▶ How to complete this task:
Write the entries out exactly. Any images they hold stay out of the copy.

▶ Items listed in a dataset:
--------------------------------

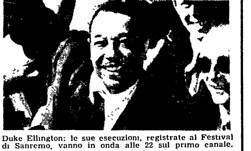
Duke Ellington: le sue esecuzioni, registrate al Festival di Sanremo, vanno in onda alle 22 sul primo canale.
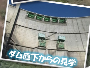
ダム直下からの見学
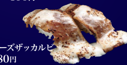
チーズザッカルビ 280円
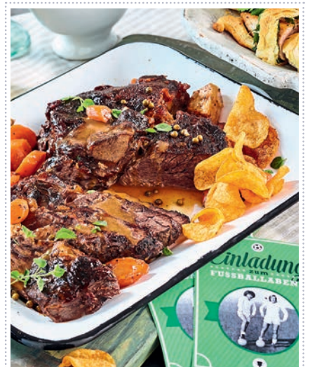
Hohe Rippe mit Pfeffer-Cognac-Soße Heft 7 Seite 36
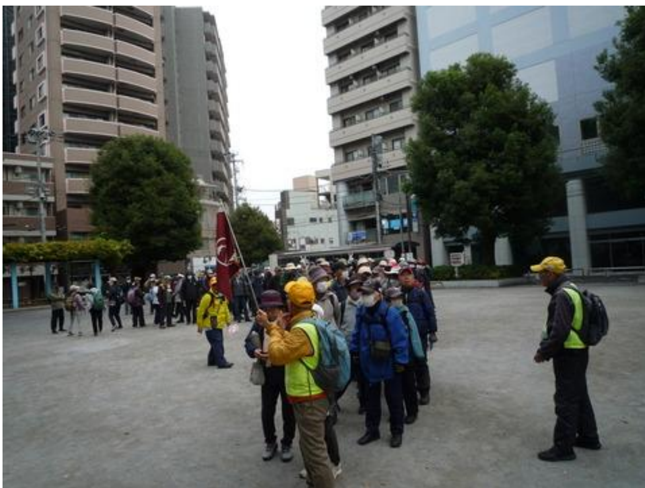
長い列で出発です
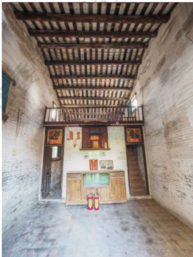
中共中山县四区委员会活动旧址内景

--------------------------------

▶ Written answer:
Duke Ellington: le sue esecuzioni, registrate al Festival di Sanremo, vanno in onda alle 22 sul primo canale.
ダム直下からの見学
チーズザッカルビ 280円
Hohe Rippe mit Pfeffer-Cognac-Soße Heft 7 Seite 36
長い列で出発です
中共中山县四区委员会活动旧址内景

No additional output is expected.